February 24, 2017
By Alex Keown, BioSpace.com Breaking News Staff
LAVAL, Quebec – Shares of embattled Valeant Pharmaceuticals continue to decline this morning following Wells Fargo analysts delivering an underperform rating to the Canada-based pharmaceuticals company on Feb. 23.
Part of the issue could be a mass exodus of sales people attached to Valeant’s gastrointestinal line, according to a Barron’s blog that cited David Maris of Wells Fargo. According to the source, approximately 50 Valeant sales people left en masse to join Synergy after the U.S. Food and Drug Administration approved that company’s new drug, Trulance, for the treatment of adults with chronic idiopathic constipation. Trulance (plecanatide) is the first drug designed to ” replicate the function of uroguanylin, a naturally occurring and endogenous human gastrointestinal (GI) peptide that is thought to stimulate fluid secretion which results in a stool consistency associated with more regular bowel function,” according to Synergy.

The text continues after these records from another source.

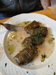 Кафе, конечно, не на 5, но поесть можно. Была ближайшая точка для нас с нормальным рейтингом. Остановились. Брали харчо, лагман, селёдку под шубой, долму, жульен с курицей. Селёдка приличная, костей нет, порция салата пойдет на двоих точно, иначе больше ничего не захочется)) жульен, как в столовой, но пойдет. Лагман был очень хороший, харчо было бы тоже ничего, с большим мягким куском говядины, но сильно пересолено. Долма- то блюдо,которое оказалось наиболее удачным. Запивали все чаем с ягодами, чаю прям 5+. Еду приносят быстро, не остывшую. Хамят в меру для придорожного заведения🤣 Меню очень обширное, мы пытались уточнить, какие позиции, например, из супов, могут посоветовать, но ответ от официантки был довольно презрительным: "Вам рассказать, что лично мне нравится? У нас все вкусное." Хотя совершенно очевидно, что при таком количестве блюд, сохранить одинаковое качество у всего задача прям таки со звёздочкой, что и подтвердила дегустация)) Однако, изжоги от еды не было, плохо тоже. Поесть на трассе с семьёй можно. Наш заказ обошёлся около 3000р.
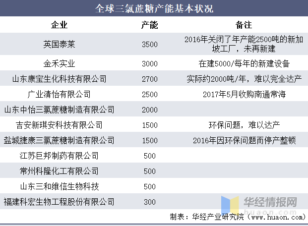 三氯蔗糖产业报告:产能/竞争格局/出口分析来源:华经情报网
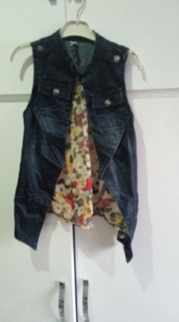 Düğmeli ve kolsuz, notched lapel yakalı, bol kesim midi uzunlukta koyu renkli batik desenli kot ceket.m beden
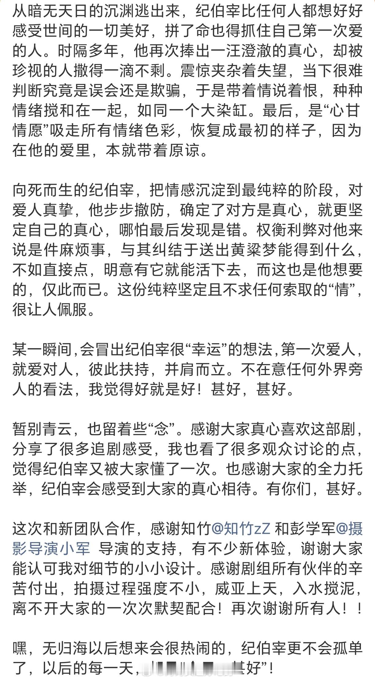 感谢了所有人,其实最值得感谢的是名号本人,把纪伯宰演绎的很好,成绩有目共睹。

The FDA approval came days before Synergy announced pricing of an offering of 20 million shares of common stock. The proceeds of the stock sale are expected to fund commercialization of Trulance, as well as fund additional clinical development of Trulance.
Valeant confirmed that some sales people had left the company, but would not confirm if there were more than 50 or if those employees left to join Synergy. Valeant told Maris that it was common for pharmaceutical sales reps to move to other companies following the approval of a new drug, Barrons said in its report.

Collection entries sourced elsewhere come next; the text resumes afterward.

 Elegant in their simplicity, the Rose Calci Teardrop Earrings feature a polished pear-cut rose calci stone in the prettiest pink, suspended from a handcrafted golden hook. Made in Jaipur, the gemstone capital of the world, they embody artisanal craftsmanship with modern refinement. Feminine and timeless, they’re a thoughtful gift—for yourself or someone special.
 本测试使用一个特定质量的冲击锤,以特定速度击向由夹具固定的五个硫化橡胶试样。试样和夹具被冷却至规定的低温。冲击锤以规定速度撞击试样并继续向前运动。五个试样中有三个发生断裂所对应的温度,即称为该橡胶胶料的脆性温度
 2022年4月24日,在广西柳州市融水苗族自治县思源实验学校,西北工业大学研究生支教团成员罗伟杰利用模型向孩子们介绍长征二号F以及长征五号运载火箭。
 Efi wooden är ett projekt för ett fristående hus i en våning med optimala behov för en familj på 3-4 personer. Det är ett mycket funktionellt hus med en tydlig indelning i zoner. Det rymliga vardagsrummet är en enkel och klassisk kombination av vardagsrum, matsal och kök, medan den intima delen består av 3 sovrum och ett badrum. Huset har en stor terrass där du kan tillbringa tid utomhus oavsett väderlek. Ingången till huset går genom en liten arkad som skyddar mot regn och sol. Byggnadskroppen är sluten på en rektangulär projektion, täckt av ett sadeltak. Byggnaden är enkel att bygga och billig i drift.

Maris, Barrons reported, said that if it’s true Valeant lost more than 50 GI-focused sales people, it would signal another setback for that beleaguered company, which has seen a “weakness” in its GI franchise. Valeant’s biggest revenue source in its GI pipeline is Xifaxan, which is used to treat irritable bowel syndrome. Valeant acquired Xifaxan when the company acquired North Carolina-based Salix Pharmaceuticals . There was anticipation among some analysts that the drug could become a blockbuster, but last year Valeant shifted its strategy around the product, which caused the company to decrease revenue predictions for 2016.

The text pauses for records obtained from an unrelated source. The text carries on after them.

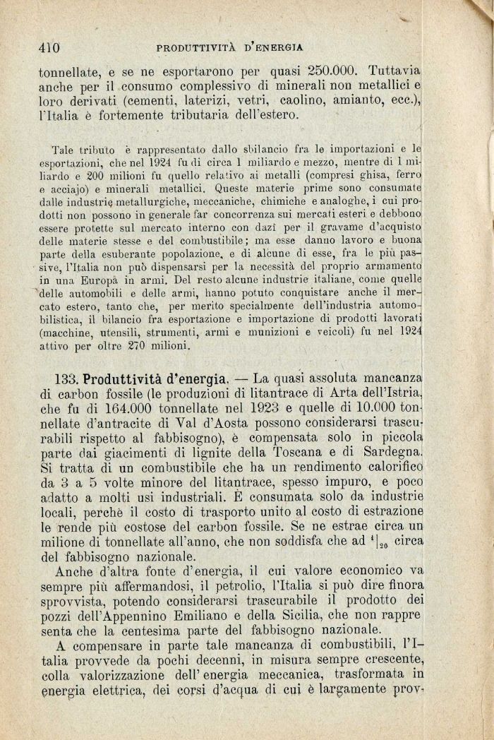 Anche d'altra fonte d'energia, il cui valore economico va sempre più affermandosi, il petrolio, l'Italia si può dire finora sprovvista, potendo considerarsi trascurabile il prodotto dei pozzi dell'Appennino Emiliano e della Sicilia, che non rappre senta che la centesima parte del fabbisogno nazionale.
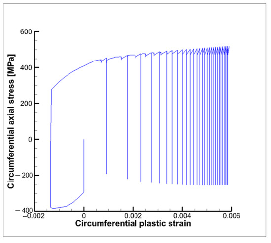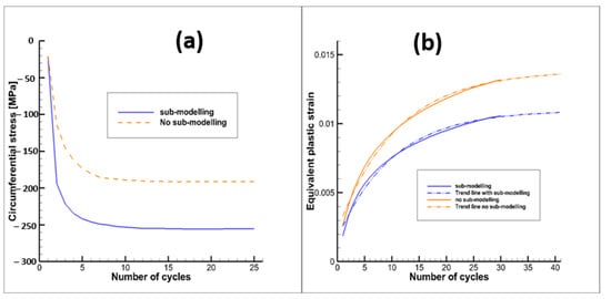 Figure 14b shows the evolution of the equivalent plastic strain cycle by cycle for both of the considered numerical analyses. It is worth noting that the adoption of sub-modelling approaches allows one to obtain smaller equivalent plastic strains at the end of the cycle with respect to the approach with predefined boundary conditions (with no applied constraints along the axial direction). The main reason of this result is that the applied compressive boundary conditions, adopting sub-modelling techniques, allows one to obtain smaller tensile plastic strains when the thermal-mechanical loads are reversed during the purging phase.
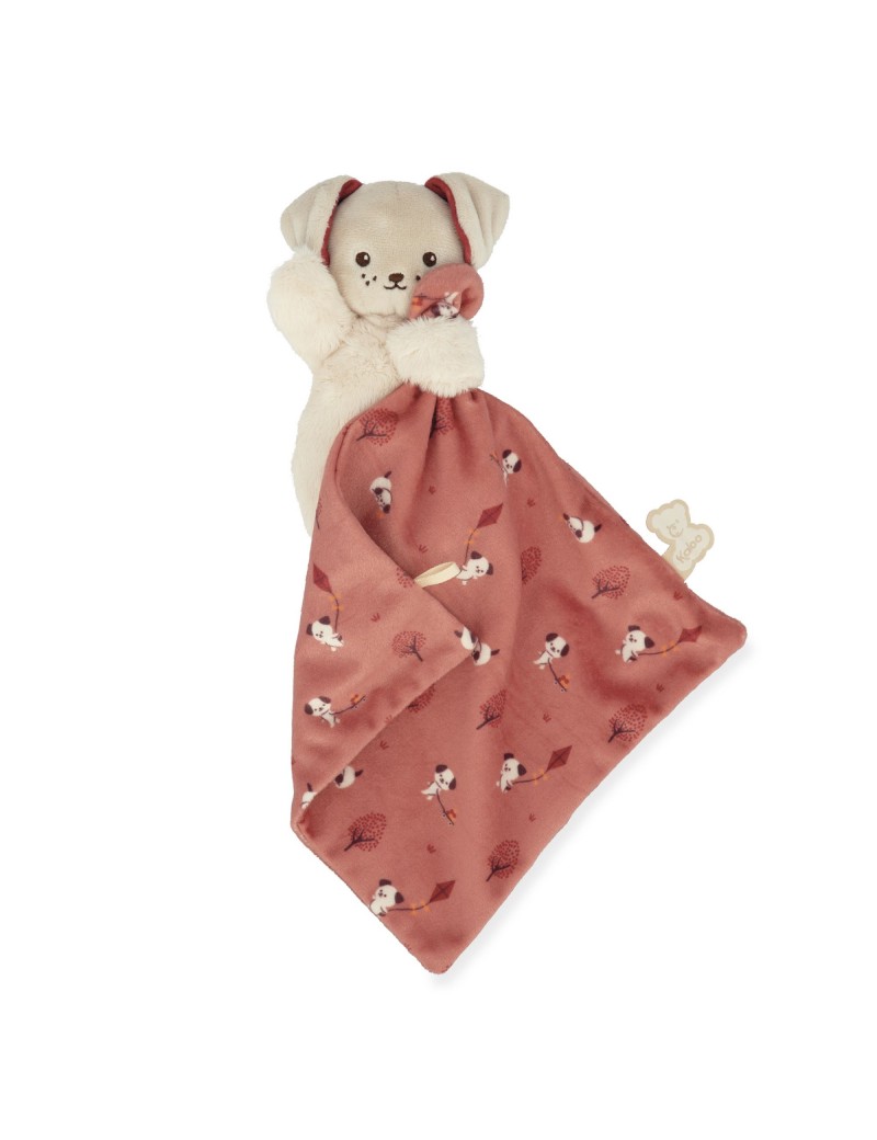Le doudou chien, complice des câlins ! Adapté à bébé dès la naissance, ce doudou couleur brique sera un compagnon tendre et rassurant pour votre enfant. Composé de 95% de matières et rembourrage recyclés (polyester), c'est un doudou aux tons roses, terracotta ou orangés ; aussi douillet que réconfortant. Le petit chien est doux comme une étreinte, il est facile à saisir par bébé et fait craquer toute la famille avec sa jolie petite frimousse. Cette peluche chien tient un beau carré douceur de couleur brique, avec un imprimé délicat et très spécial : il montre un petit chien qui joue dans le jardin, ainsi vous pouvez conter une petite histoire à bébé ou le voir observer les illustrations avec curiosité lorsqu'il grandira ! Le doudou carré sera très apprécié du tout-petit, qui pourra le câliner tout contre lui. Il permet aussi d'envelopper le petit chien telle une couverture chaleureuse et rassurante. Nous avons apporté le plus grand soin à la sélection des matières et aux détails des imprimés. Ainsi, les oreilles du petit chien sont assorties au doudou plat, ce qui réhausse le tout. Le chien en peluche mesure 14 cm, tandis que le doudou carré mesure 18 cm. Présenté dans son joli coffret personnalisable, le doudou en matière recyclée est un cadeau de naissance idéal ! Avec ses couleurs éclatantes, sa douceur intense, sa petite bouille et son imprimé poétique : ce doudou Kaloo est composé d'une petite peluche ainsi que d'un doudou classique, pour offrir à bébé son ami pour la vie ! Vous pouvez laver le tout en machine à 30°, sans assouplissant ou autre additif afin de préserver toute sa douceur.

“Xifaxan has delivered strong growth, but it is less than our expectations, and we believe the potential. Disruption, sales force turnover, changes in leadership, shifts in strategy, and increase in enrollments in high deductible plans, which we believe for the first time extended into the second quarter have contributed to our lower forecast,” Robert Rosiello, Valeant’s chief financial officer said in June during an investor call.
During a conference call with investors in June, Valeant Chief Executive Officer Joseph Papa said the company’s Salix line was “running below original expectations.”
Valeant has been in turmoil for nearly two years as it’s seen a tremendous loss in market share. The company has been discussing selling off core assets in order to meet debt obligations.